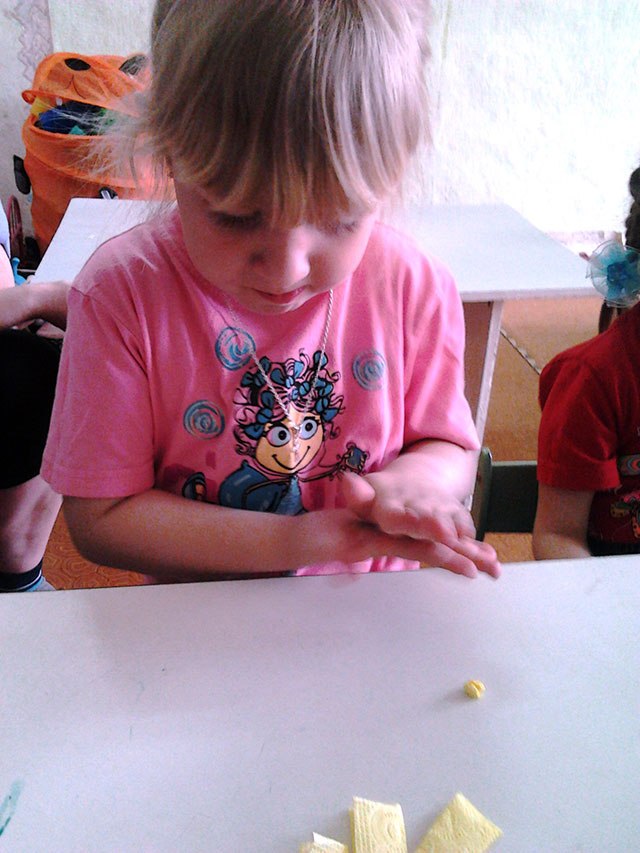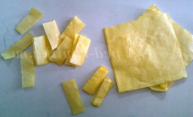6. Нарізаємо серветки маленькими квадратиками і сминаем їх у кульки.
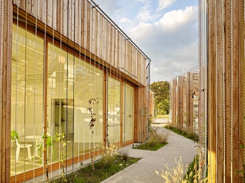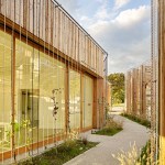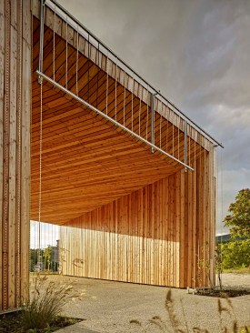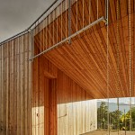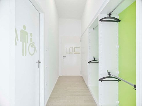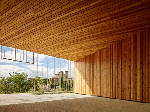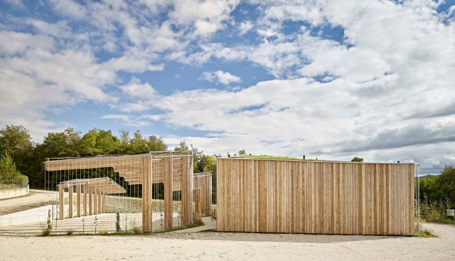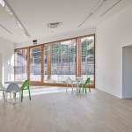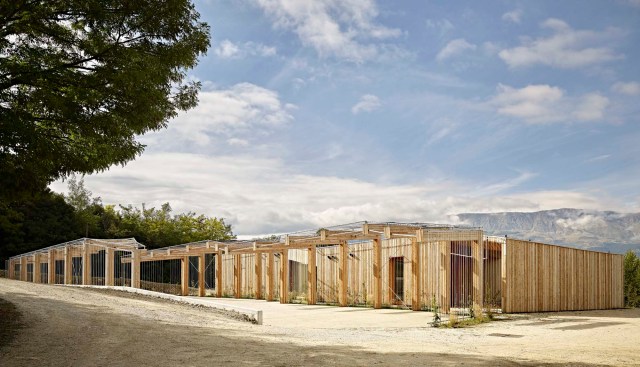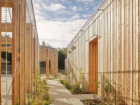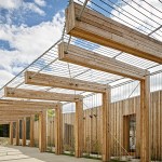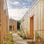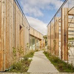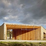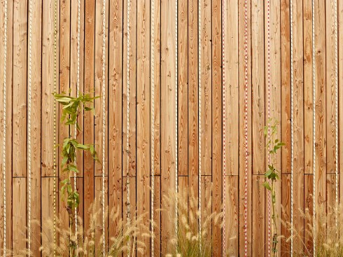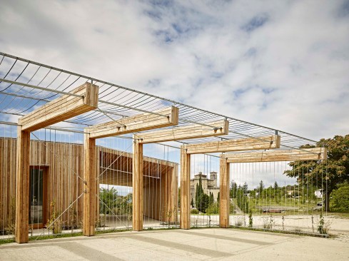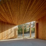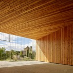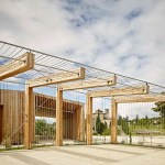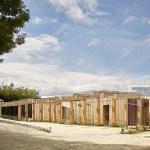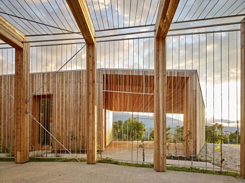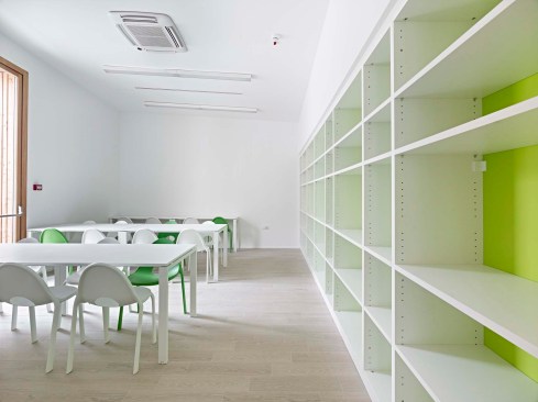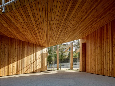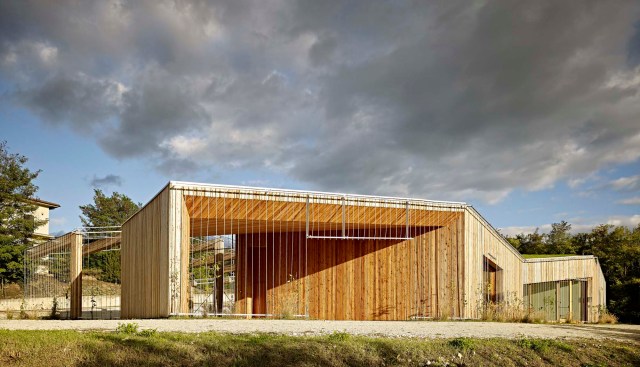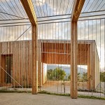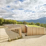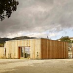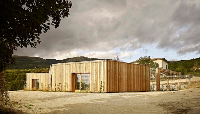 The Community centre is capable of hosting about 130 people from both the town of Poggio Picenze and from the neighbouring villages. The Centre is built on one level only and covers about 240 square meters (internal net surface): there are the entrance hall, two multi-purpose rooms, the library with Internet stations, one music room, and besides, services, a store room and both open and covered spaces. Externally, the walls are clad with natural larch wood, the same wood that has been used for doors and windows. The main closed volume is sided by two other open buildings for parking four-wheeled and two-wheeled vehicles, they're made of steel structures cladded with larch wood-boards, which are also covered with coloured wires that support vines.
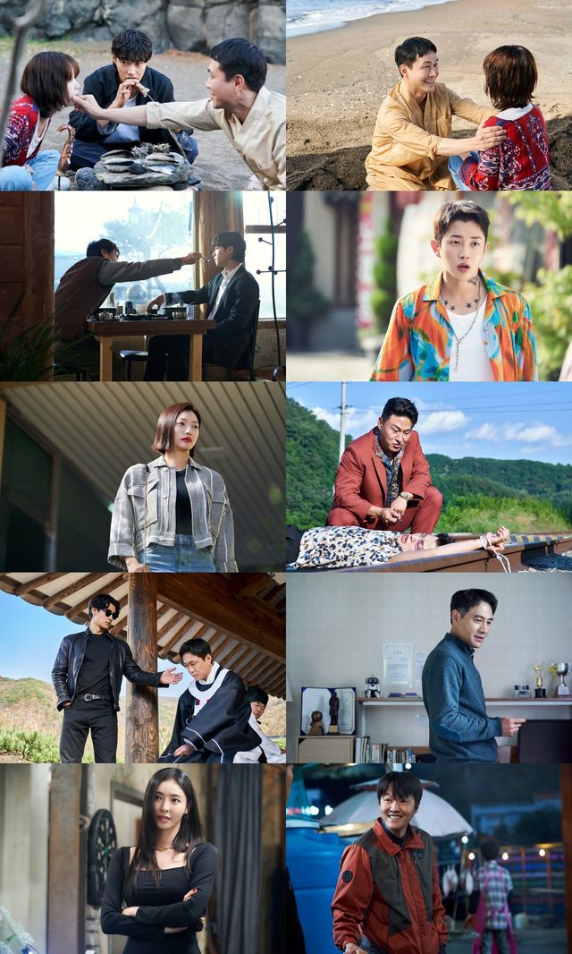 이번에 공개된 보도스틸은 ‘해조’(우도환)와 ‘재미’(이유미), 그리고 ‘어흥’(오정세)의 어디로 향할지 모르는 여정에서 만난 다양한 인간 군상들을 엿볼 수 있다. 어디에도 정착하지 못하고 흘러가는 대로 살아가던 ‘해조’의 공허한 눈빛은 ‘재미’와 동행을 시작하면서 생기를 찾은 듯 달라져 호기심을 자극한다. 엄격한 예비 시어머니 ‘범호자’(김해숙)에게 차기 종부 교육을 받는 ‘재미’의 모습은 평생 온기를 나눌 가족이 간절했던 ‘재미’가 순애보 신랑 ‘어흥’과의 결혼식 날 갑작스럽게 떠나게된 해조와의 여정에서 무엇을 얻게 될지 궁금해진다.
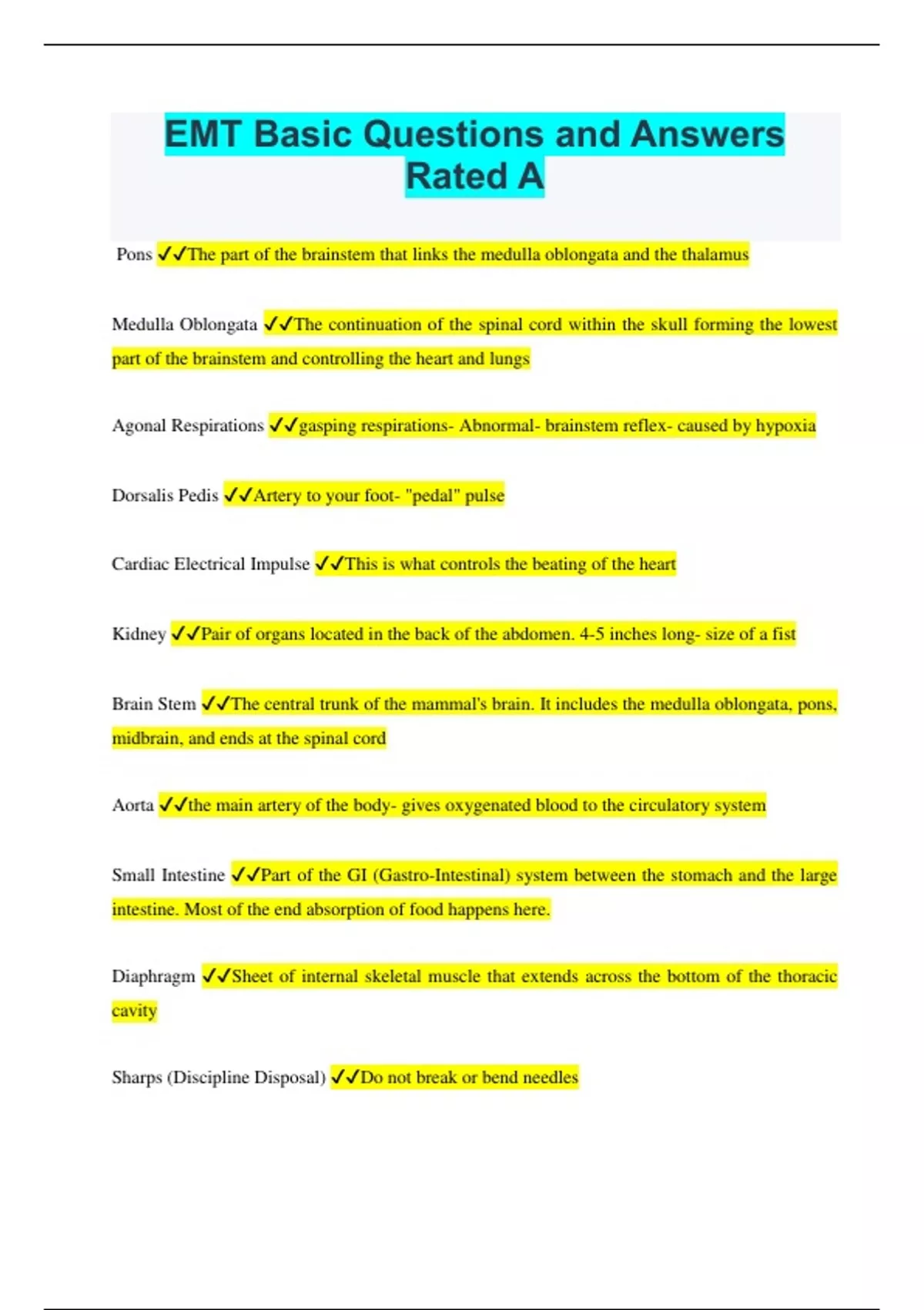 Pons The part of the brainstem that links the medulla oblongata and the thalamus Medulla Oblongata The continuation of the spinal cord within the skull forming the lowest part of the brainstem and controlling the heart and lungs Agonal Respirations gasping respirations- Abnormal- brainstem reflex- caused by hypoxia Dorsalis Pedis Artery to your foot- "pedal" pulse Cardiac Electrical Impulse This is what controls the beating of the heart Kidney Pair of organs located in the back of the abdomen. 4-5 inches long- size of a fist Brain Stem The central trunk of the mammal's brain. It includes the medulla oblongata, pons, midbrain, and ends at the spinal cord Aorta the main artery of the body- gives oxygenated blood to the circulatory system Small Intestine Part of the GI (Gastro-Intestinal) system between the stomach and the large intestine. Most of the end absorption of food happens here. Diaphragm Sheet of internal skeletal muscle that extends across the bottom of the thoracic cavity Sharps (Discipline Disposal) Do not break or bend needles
==
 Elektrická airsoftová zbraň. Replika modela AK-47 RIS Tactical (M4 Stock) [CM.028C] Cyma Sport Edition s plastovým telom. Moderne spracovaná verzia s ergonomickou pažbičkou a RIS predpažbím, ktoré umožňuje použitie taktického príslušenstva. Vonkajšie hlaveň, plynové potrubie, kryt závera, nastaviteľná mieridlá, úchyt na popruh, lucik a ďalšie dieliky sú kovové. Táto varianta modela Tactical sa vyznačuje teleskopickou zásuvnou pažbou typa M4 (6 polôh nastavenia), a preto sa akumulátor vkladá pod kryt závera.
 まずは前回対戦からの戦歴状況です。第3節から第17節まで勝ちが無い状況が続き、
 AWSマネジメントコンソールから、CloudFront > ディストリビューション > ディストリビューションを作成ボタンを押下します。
==
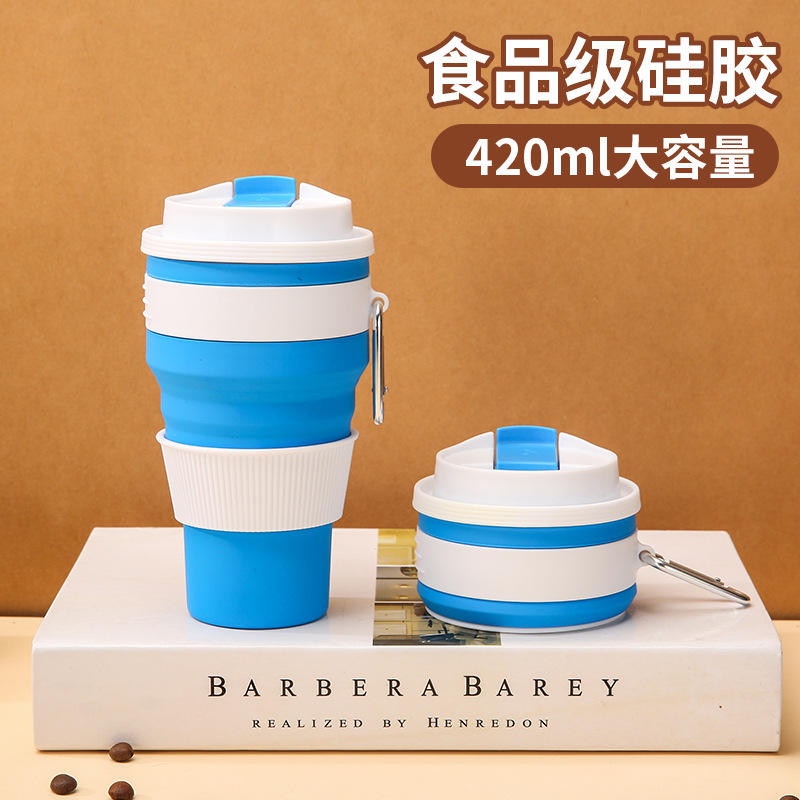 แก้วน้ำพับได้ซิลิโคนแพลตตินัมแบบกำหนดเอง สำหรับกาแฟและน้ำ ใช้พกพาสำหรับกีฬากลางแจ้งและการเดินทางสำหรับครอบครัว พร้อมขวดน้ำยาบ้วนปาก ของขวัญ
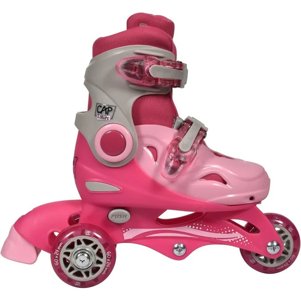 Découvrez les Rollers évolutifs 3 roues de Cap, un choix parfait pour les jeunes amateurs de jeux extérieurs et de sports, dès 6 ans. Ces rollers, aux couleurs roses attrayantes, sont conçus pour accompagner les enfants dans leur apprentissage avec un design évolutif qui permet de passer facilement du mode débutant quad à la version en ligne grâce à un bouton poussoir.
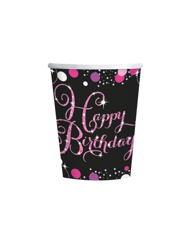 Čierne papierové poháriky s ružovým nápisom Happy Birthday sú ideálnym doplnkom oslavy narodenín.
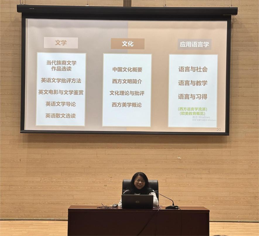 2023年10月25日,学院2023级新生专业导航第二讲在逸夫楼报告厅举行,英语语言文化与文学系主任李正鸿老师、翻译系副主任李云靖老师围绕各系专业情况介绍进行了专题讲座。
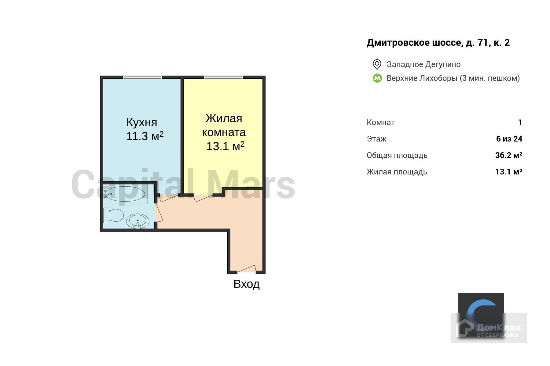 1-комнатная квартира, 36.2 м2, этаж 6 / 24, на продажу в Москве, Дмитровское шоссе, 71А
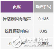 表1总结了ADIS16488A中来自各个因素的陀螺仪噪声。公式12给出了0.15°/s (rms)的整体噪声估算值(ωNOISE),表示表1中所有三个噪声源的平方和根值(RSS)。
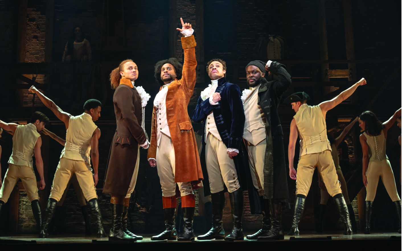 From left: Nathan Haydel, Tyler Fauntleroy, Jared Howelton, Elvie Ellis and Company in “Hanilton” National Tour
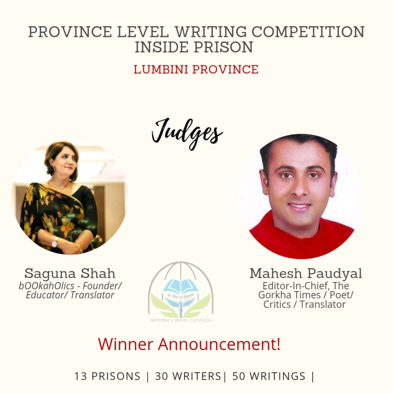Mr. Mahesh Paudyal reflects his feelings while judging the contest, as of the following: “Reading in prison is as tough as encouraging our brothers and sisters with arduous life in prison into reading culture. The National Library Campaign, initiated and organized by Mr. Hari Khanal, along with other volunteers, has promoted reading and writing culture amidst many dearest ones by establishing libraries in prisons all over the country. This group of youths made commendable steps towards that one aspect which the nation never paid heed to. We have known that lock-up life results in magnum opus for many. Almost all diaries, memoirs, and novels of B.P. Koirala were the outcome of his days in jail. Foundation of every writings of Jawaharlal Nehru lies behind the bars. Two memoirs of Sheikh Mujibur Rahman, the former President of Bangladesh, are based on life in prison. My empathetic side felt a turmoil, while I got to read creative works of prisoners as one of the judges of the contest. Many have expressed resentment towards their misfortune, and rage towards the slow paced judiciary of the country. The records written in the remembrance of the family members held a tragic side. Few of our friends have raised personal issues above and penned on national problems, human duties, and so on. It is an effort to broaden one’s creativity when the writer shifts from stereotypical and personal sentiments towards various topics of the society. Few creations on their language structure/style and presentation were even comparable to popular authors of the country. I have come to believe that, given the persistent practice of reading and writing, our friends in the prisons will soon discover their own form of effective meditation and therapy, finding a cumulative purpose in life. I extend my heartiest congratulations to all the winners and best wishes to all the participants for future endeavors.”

• [WORK TO BE COMPLETED]: From the material above, reproduce only what runs from the line holding "Découvrez les Rollers" down to the line holding "From left: Nathan", both included, pictures excluded.

• [TASK RESULT]:
 Découvrez les Rollers évolutifs 3 roues de Cap, un choix parfait pour les jeunes amateurs de jeux extérieurs et de sports, dès 6 ans. Ces rollers, aux couleurs roses attrayantes, sont conçus pour accompagner les enfants dans leur apprentissage avec un design évolutif qui permet de passer facilement du mode débutant quad à la version en ligne grâce à un bouton poussoir.
 Čierne papierové poháriky s ružovým nápisom Happy Birthday sú ideálnym doplnkom oslavy narodenín.
 2023年10月25日,学院2023级新生专业导航第二讲在逸夫楼报告厅举行,英语语言文化与文学系主任李正鸿老师、翻译系副主任李云靖老师围绕各系专业情况介绍进行了专题讲座。
 1-комнатная квартира, 36.2 м2, этаж 6 / 24, на продажу в Москве, Дмитровское шоссе, 71А
 表1总结了ADIS16488A中来自各个因素的陀螺仪噪声。公式12给出了0.15°/s (rms)的整体噪声估算值(ωNOISE),表示表1中所有三个噪声源的平方和根值(RSS)。
 From left: Nathan Haydel, Tyler Fauntleroy, Jared Howelton, Elvie Ellis and Company in “Hanilton” National Tour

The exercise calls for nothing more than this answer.